With more than 500,000 people being diagnosed with liver cancer each year, it is no wonder that doctors would want to find some way of increasing the chance of living with such a disease. In a multinational study involving 602 people with advanced liver cancer, doctors discovered a treatment that will dramatically alter the way liver cancer patients are treated.

Receiving either two sugar pills or two sorafenib pills (the cancer fighting drug) each day, patients were monitored regarding the progress of their disease. Although most of the patients in the study eventually died, the patients on sorafenib lived an average of nearly 11 months, while those on the sugar pills lived only 8 months.

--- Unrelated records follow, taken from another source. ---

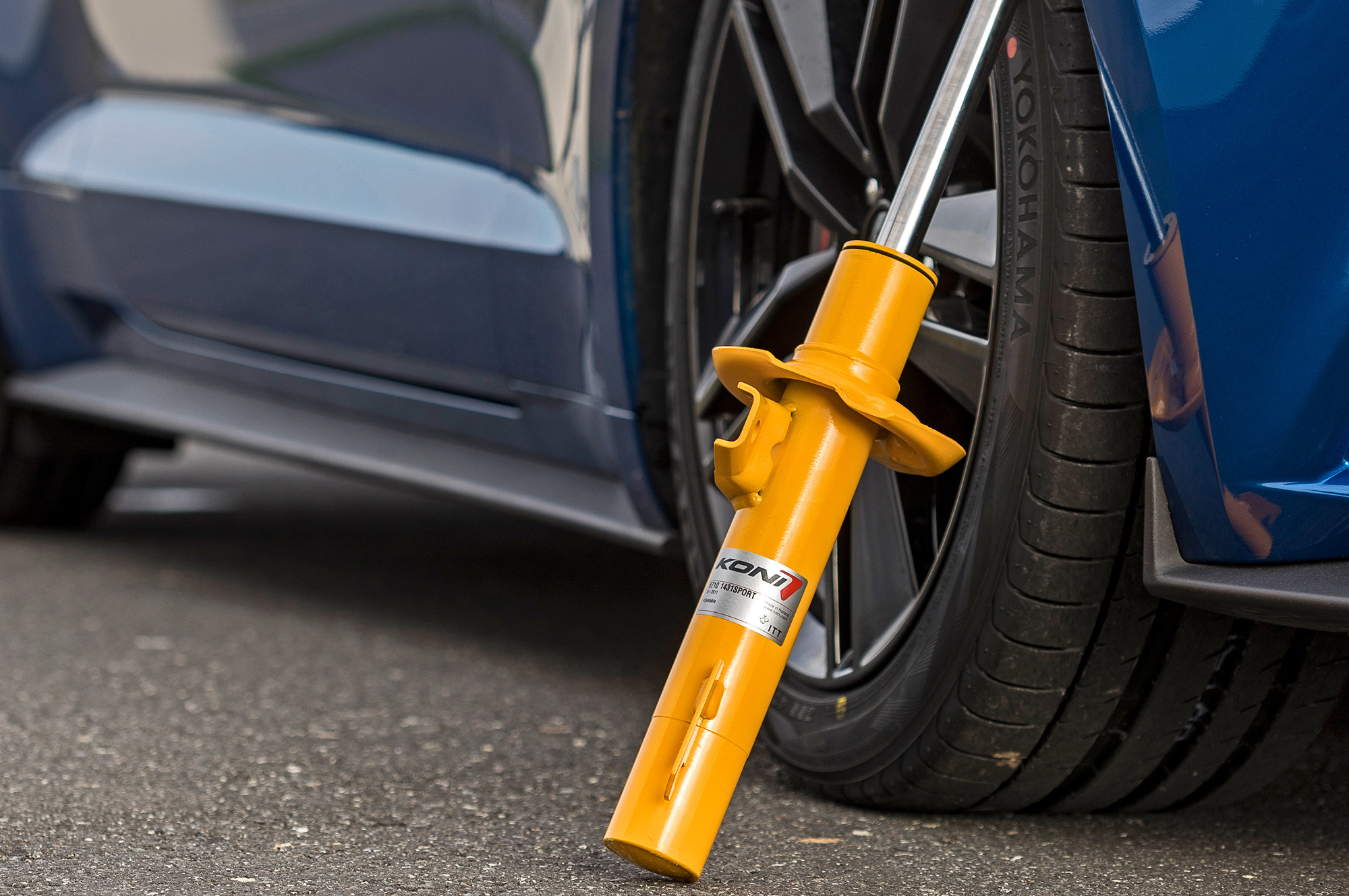 Как и 20 лет назад, их можно различать по цвету: американские дилеры отвергли идею покрывать все Koni красным ― дескать, клиент будет их путать. Жёлтый набор Sport Kit с регулировкой усилия отбоя и пружинами H&R превращает спорное купе Ford Mustang (см. ниже мнение главреда) в приятный автомобиль. Штатные настройки плохи как на гоночном треке, так и на обычных дорогах: раскачка, виляние на торможении и общее ощущение расхлябанности. «На Спортах», как говорят в российских гаражах с конца 90-х, когда Koni проторили дорогу на наш рынок, Mustang не теряет плавности хода, зато становится цельным в откликах и лучше держится за асфальт чумовой немецкой трассы Bilster Berg.
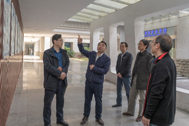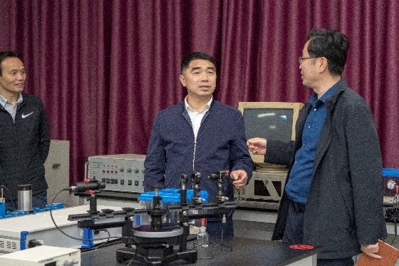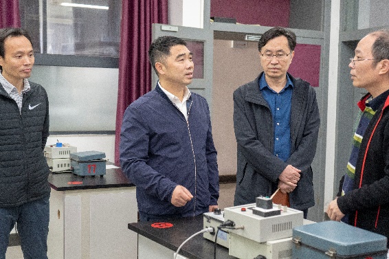 物理实验教学中心调研。陪同调研的有实设处张云怀处长和吴小志副院长。
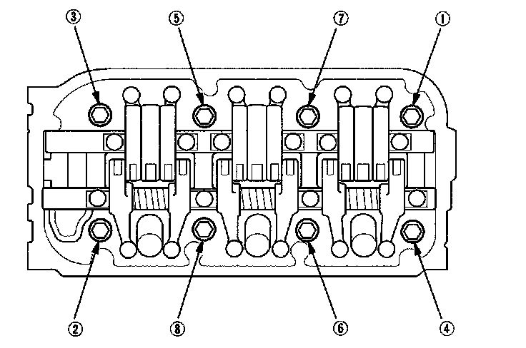 27. Remove the cylinder head bolts. To prevent warpage, loosen the bolts in sequence 1/3 turn at a time; repeat the sequence until all bolts are loosened.
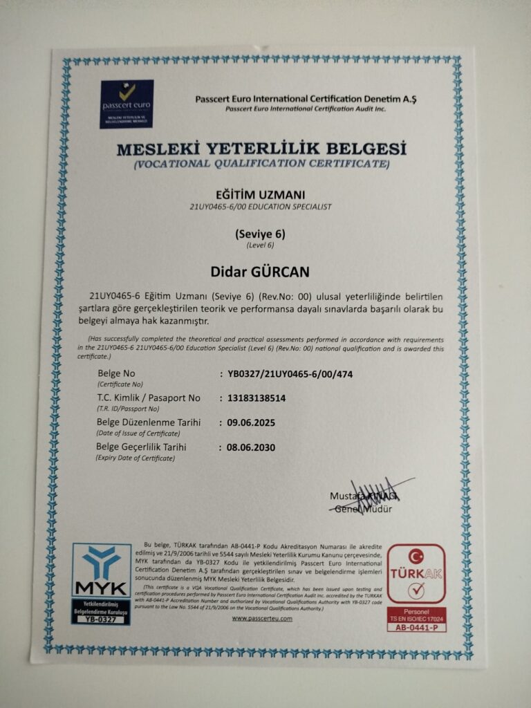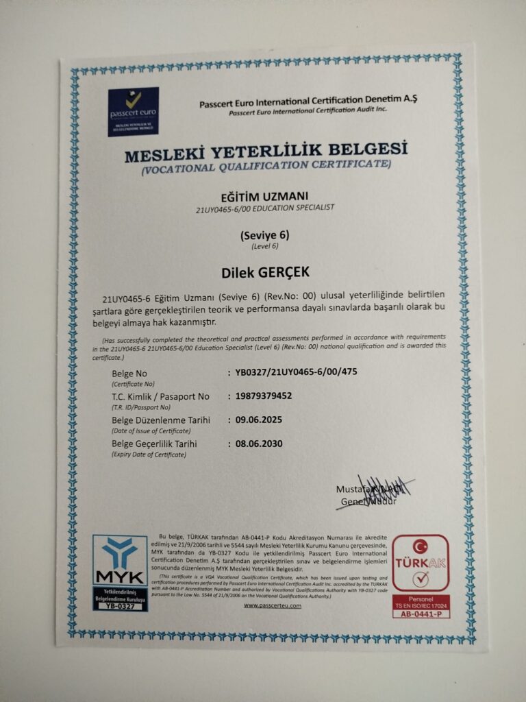 Ulusal Yeterlilik Sistemi’nin güvencesi altında, Mesleki Yeterlilik Kurumu (MYK) tarafından belirlenen standartlara uygun olarak hizmet veriyoruz. Bizler, sektördeki en yüksek yetkinlik ve etik kurallara bağlı kalarak size destek olmaya hazırız.
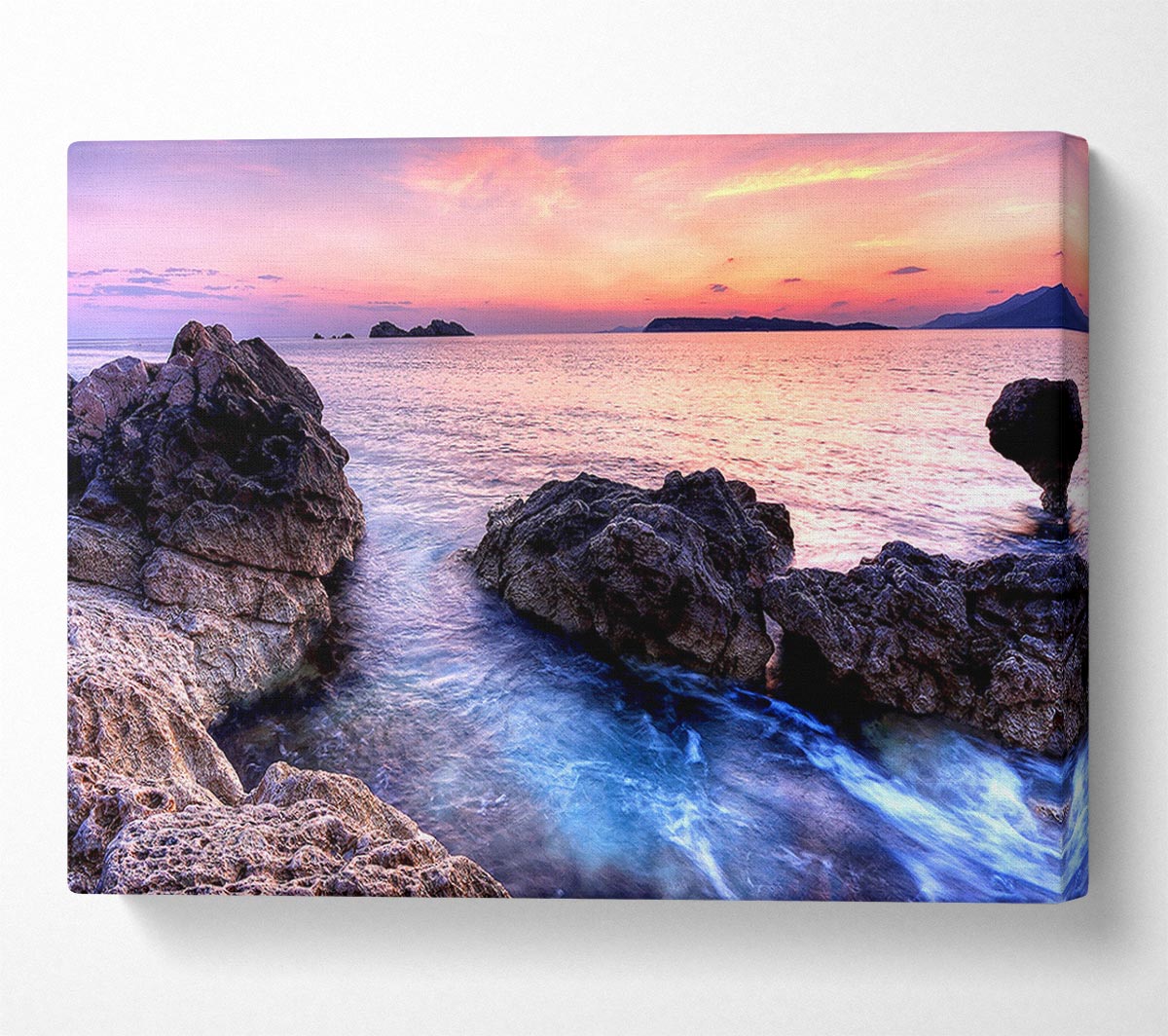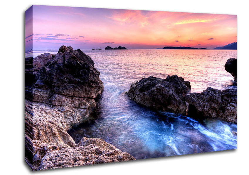 Ocean Rocks At Dawn Canvas Print handmade in the UK. Stretched over a 2 inch thick wooden box frame, ready to hang on your wall.
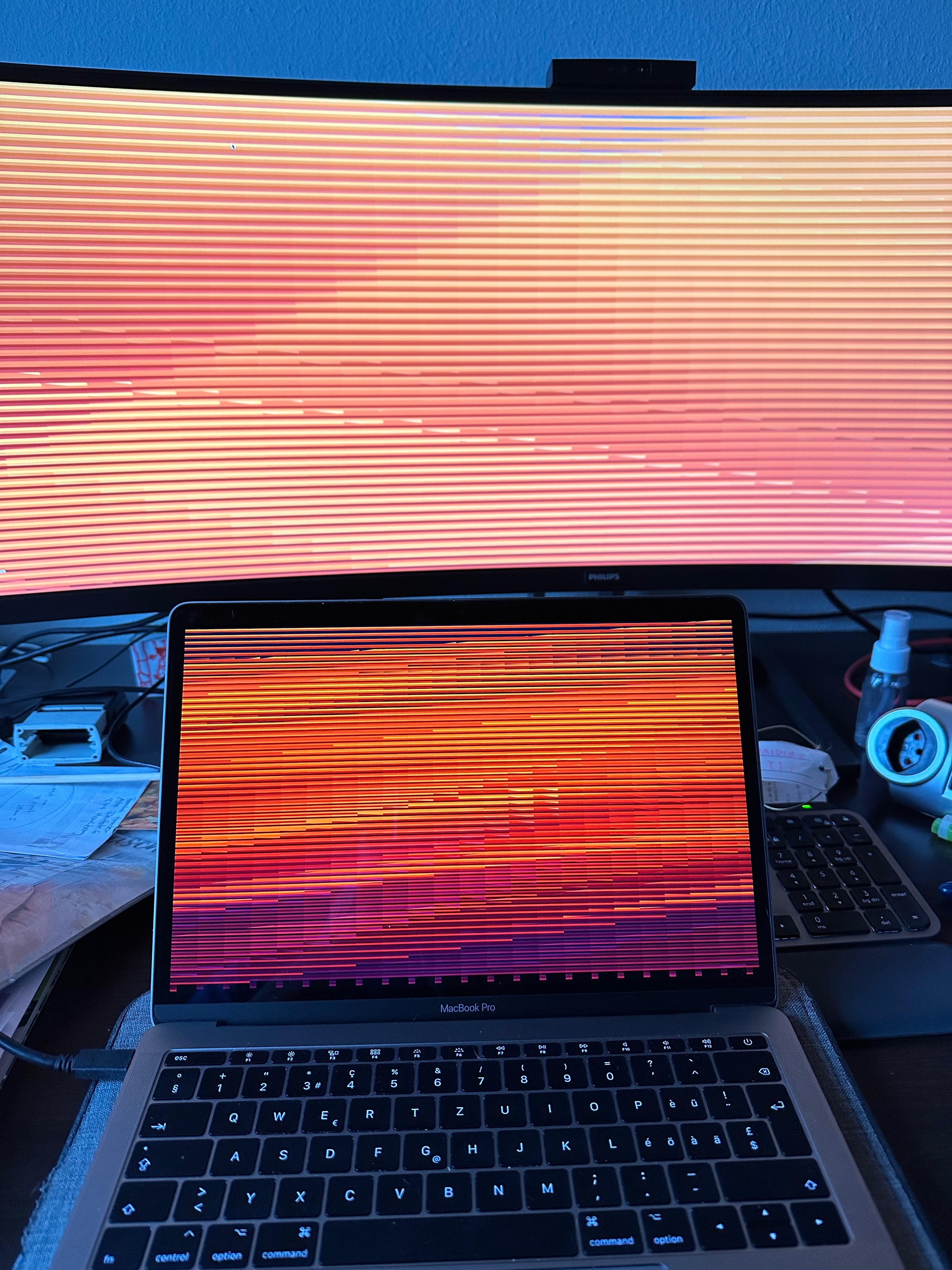 Seit einiger Zeit erscheint nur noch ein verzerrtes Bild, wenn ich mein MacBook Pro an den Philips 499P Monitor via USB-C anschliesse. Dies war vorher nicht der Fall und ich konnte den Bildschirm normal nutzen. Leider weiss ich nicht mehr, welche Aktion dies ausgelöst hatte, aber ich vermute, dass dies nach einem Update änderte.
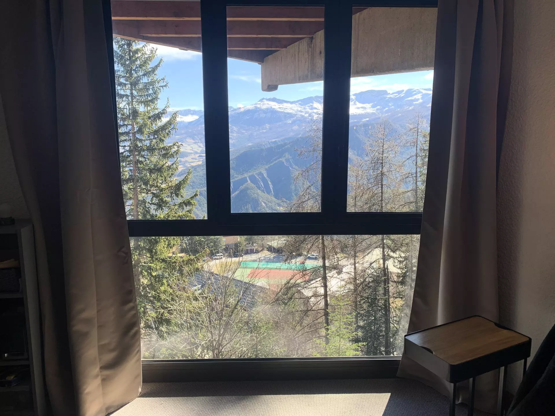 COMMENTAIRES : Studio très agréable et lumineux, idéalement situé près des pistes et de la galerie commerciale. Superbe vue sur la vallée et la montagne. Box à skis.
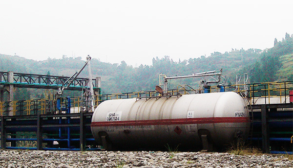 重慶白濤能通建設(shè)開發(fā)有限公司(化工鶴管潛液泵為"苯"罐火車卸車的現(xiàn)場照片)

Even though the medicated patients only lived three months longer, the breakthrough is unprecedented in medical history regarding liver cancer. "That may not sound like a lot of time, but for liver cancer, this is actually a quite impressive gain," said Dr. Nancy Davidson of Johns Hopkins' Bloomberg School of Public Health. "It is the first effective systemic treatment for liver cancer, which is such a huge problem internationally."

Sorafenib is doubly effective at attacking and hindering the growth of the cancer. First, it directly attacks the individual cancer cells themselves, as well as cuts off the blood flow to these cells, in effect strangling the cells to death. But it doesn't just look for those cells in the liver. In fact, it hunts down any other cancer cells that have spread throughout the body. In the study, although the tumors didn't appear to shrink or disappear, in many cases the tumors didn't grow either, leading to the implication that if the liver cancer is caught early enough, this medication can at least allow the patient to live with the cancer, since it won't be growing or spreading to other parts of the body.